Google says it is. Amazon’s swerves the rules, for now. And tests suggest consumer protections aren’t yet strong

The European Union’s Digital Services Act comes into effect today, August 25, and it’s unclear if the hoped-for consumer protections are going to have their desired impact.

The Act (DSA) sets rules that the EU designed to make very large online platforms (VLOPs) “tackle the spread of illegal content, online disinformation and other societal risks” presented by online service providers.”

The DSA and the Digital Market Act (DMA) are a double act. Both were introduced in 2022 and will be implemented in phases through early 2024. While the DMA applies to companies who act as gatekeepers of online services and are designed to ensure equal access for some third-party software, the DSA is all about ensuring that activities which are illegal in the real world are enforceably illegal online, too.

Under the DSA digital service providers – including hosting services, online platforms, VLOPs and even intermediary service providers like ISPs – have obligations to ensure that products sold are safe and not counterfeit, and to eliminate advertising that targets minors or is served using sensitive data. Another requirement is to get rid of dark patterns in advertising. Clarity on how orgs moderate content and a requirement to present their algorithms for scrutiny is also required.

VLOPs, which the DSA defines as platforms large enough to reach 10 percent of the EU’s population, or around 45 million people, have even more rules to comply with.

The EU believes that VLOPs present the most risk to the public due to their wide reach. In addition to rules that other digital service providers have to follow, VLOPs also have to share data with “vetted” researchers and governments, allow users to opt out of profiling recommendations, submit to regular audits, and have risk management and a crisis response plans in place.

The EU made its initial declaration to cover 17 VLOPs and two very large online search engines (Bing and Google) on April 25. The DSA will apply to any and all digital service providers come February 2024. VLOPs were told they had four months from the day they were designated to achieve compliance.
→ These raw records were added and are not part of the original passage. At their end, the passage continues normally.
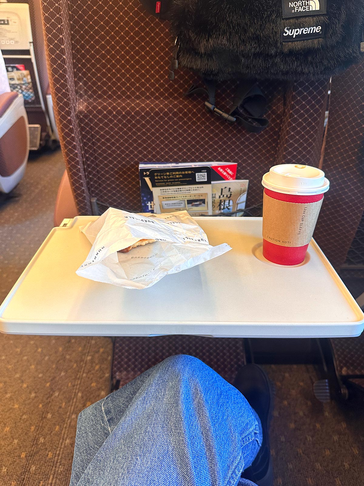 いつものパン屋さんで購入した朝食をいただきながら、快適なグリーン車の旅がスタート。
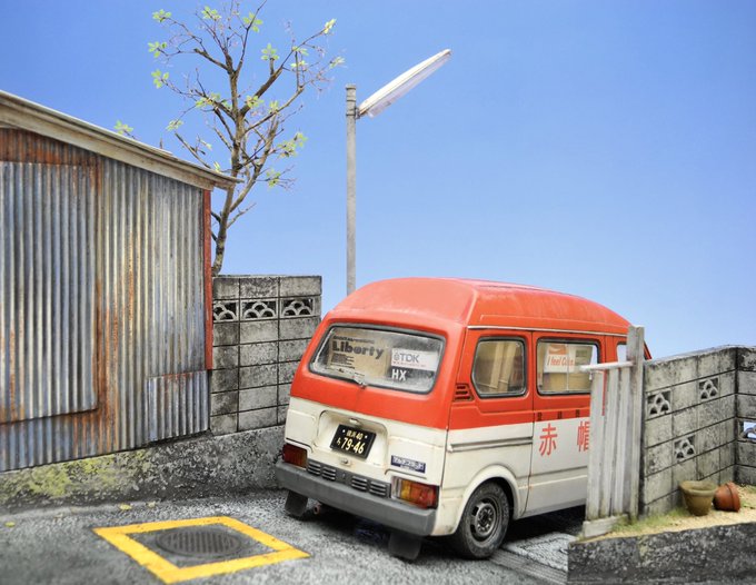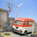 以前作った作品に置いてみたらあらいい感じ。フォレストカフェ小屋になりました。 Gentlemen for Wheels 1 デカール&カラーガイドセットであなただけのお店をどうぞ。 hal-val.shop #ショップカー
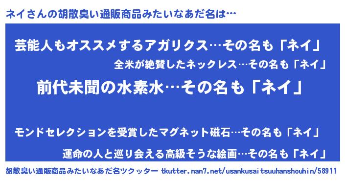 | 意味不明あだ名 | 『永久保存ネイ』『自称ネイ』 |
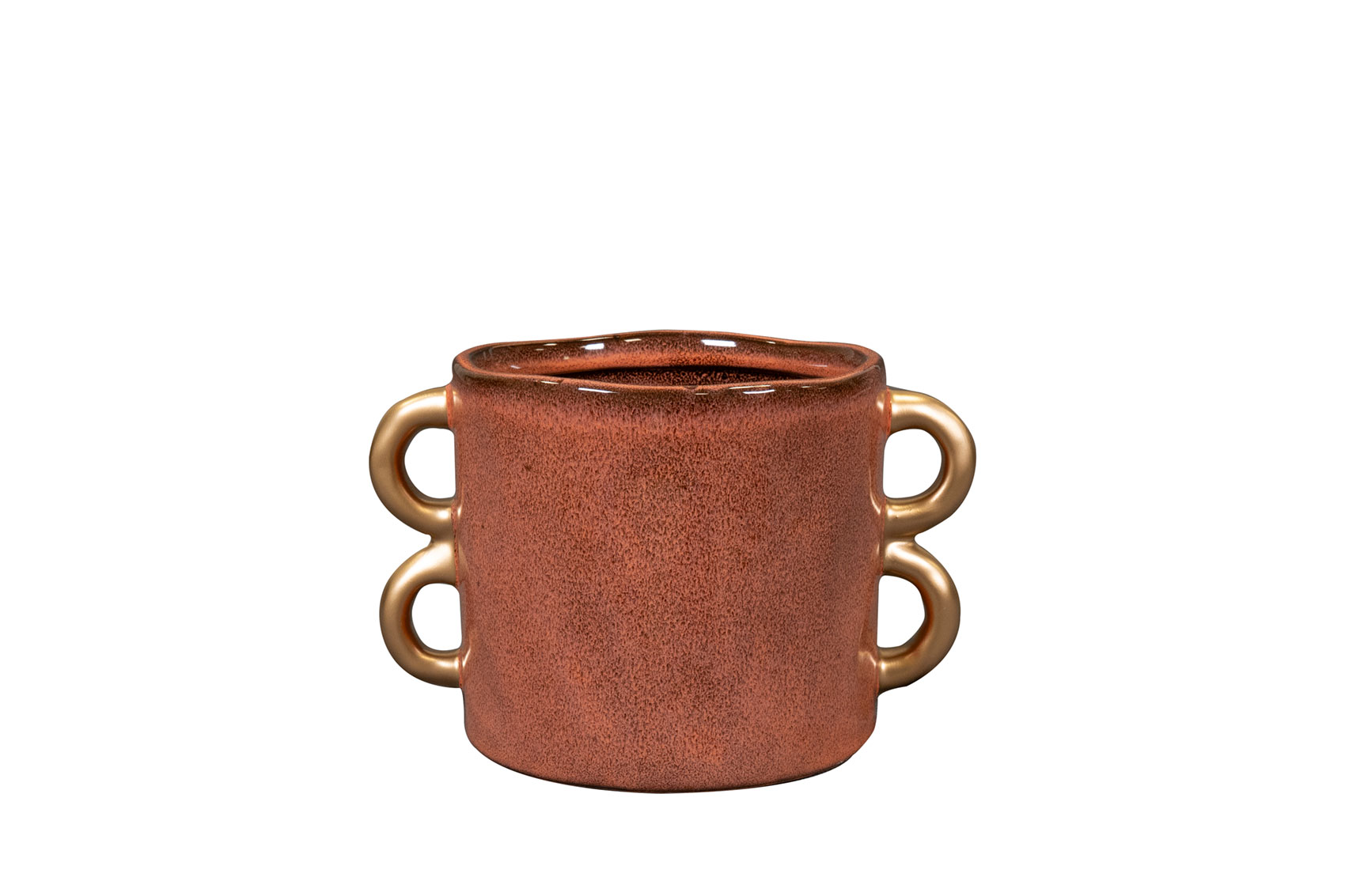 Bianca je moderní květináč s dekorativními zlatými úchyty. Má krásnou reaktivní glazuru a organický tvar. Je ručně vyrobená tradičními metodami, což se odráží v jejím autentickém designu.
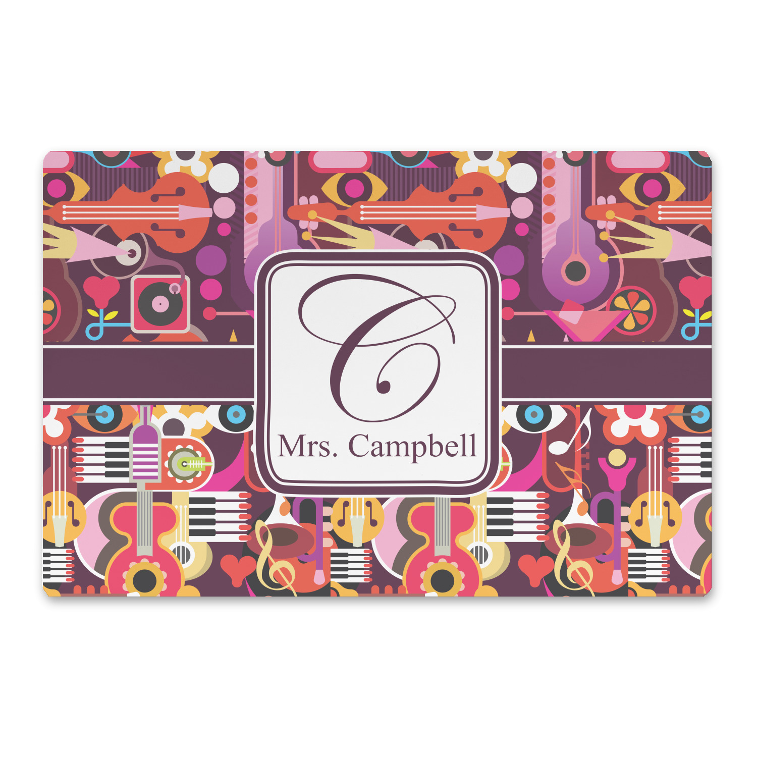Jazz up your life with this beautiful abstract music design. Anything made in this pattern is a wonderful choice for a music lover or a great gift for a music teacher! The design features musical instruments, hearts, notes and is that a crown mixed in there? It is colorful design with tones of plum colors along with pinks and oranges. It is an interesting and beautiful multicolored design.
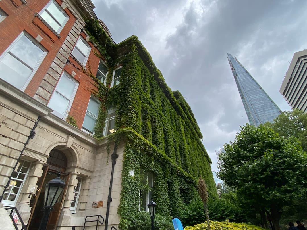 - Direct Greening: Climbing plants grow naturally up walls or structures. (Image Virginia creeper Guys Hospital)
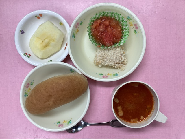ホームきょうの給食 12/19 今日の給食 2024年12月19日 子どもたちが大好きな給食やおやつを毎日紹介しています! 【幼児食・乳児食】 昼食 玄米パン ミネストローネ かじきのパン粉焼き トマトサラダ りんご 3時のおやつ 野菜ジュース 鶏みそぞうすい 10時のおやつ(乳児のみ) 牛乳
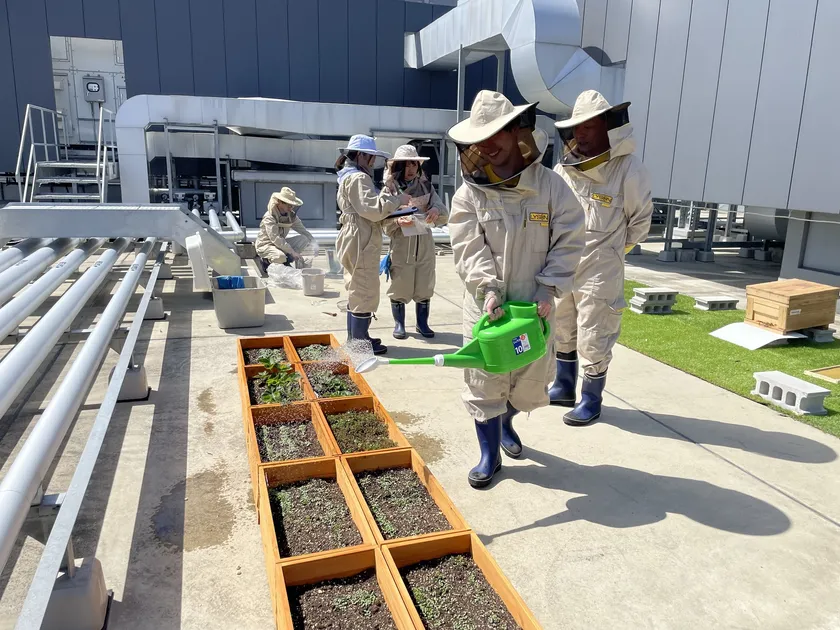 有志で「園芸部」を結成し、ホテルの屋上にハーブや花などを植えて緑化を進めています。育てている植物は、同じくホテル屋上で育てている都市養蜂のミツバチによって受粉し、花粉はハチミツの元となり、小さな循環が生まれます。

Non-compliant VLOPs could face fines of up to six percent of global turnover, rather than the relatively small fines they usually face. The EC said it also has the power to require immediate platform changes and, in the case of continued noncompliance, has the right to suspend offenders from the trading bloc entirely.

Ready, set, go?

Will the DSA make a difference? Reuters reports stress tests of the DSA compliance have been conducted at Facebook, Instagram, Twitter, TikTok and Snapchat, to consider whether the platforms could “detect, address and mitigate systemic risks, such as disinformation.”

An EC spokesperson told the newswire that improvements are needed

Additionally, two VLOPs are fighting their designation: Amazon and German fashion retailer Zalando. The two orgs claim that as retailers, they shouldn’t be considered in the same category as Facebook, Pinterest, and Wikipedia.

Both cases are ongoing, raising questions about how well the DSA can be enforced if some VLOPs are already being given exceptions.

Amazon told The Register that it has already won a concession from the EU, which allowed it not to comply with DSA requirements that VLOPs maintain a repository of ads they’ve served, along with information on how they were displayed and targeted.

Amazon, we remind readers, may make most of its money by selling stuff, but its advertising arm made it $10.7 billion (£8.5 billion) in Q2 2023 [PDF], and is growing at more than 20 percent year-over-year.

Google and Meta, however, want everyone to know it is ready to comply, thank you very much.

Earlier this week Meta detailed its compliance efforts, which include tools for researchers and “information about how our AI systems rank content for Feed, Reels, Stories, and other surfaces; some of the predictions each system makes to determine what content might be most relevant to people; and the options available to help customise an experience on Facebook and Instagram.”

In a Thursday blog post Google’s veep for trust & safety Laurie Richardson, and YouTube product management veep Jennifer Flannery O’Connor, outlined initiatives their respective outfits have taken to ensure compliance.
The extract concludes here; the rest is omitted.